■ EXERCISE PROMPT:
Without including any images, repeat the listing below exactly.
====== PROVIDED DATA
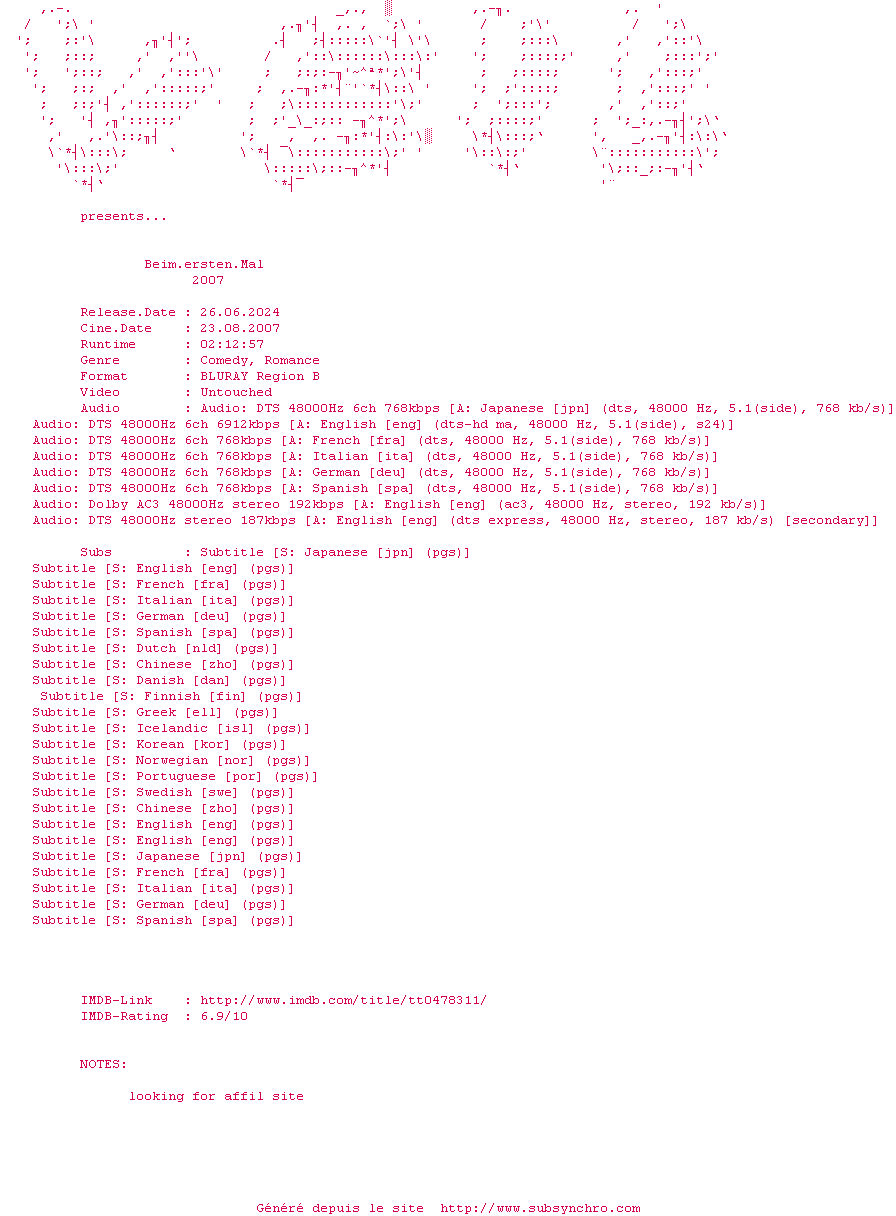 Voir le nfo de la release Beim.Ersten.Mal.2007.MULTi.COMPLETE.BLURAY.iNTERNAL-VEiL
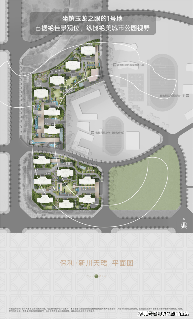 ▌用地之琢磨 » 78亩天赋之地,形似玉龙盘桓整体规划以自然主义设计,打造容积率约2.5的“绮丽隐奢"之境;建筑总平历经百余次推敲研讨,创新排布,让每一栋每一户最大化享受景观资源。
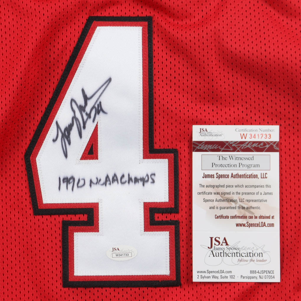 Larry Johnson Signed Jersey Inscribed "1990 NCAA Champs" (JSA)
============
■ SOLVED PROBLEM:
 Voir le nfo de la release Beim.Ersten.Mal.2007.MULTi.COMPLETE.BLURAY.iNTERNAL-VEiL
 ▌用地之琢磨 » 78亩天赋之地,形似玉龙盘桓整体规划以自然主义设计,打造容积率约2.5的“绮丽隐奢"之境;建筑总平历经百余次推敲研讨,创新排布,让每一栋每一户最大化享受景观资源。
 Larry Johnson Signed Jersey Inscribed "1990 NCAA Champs" (JSA)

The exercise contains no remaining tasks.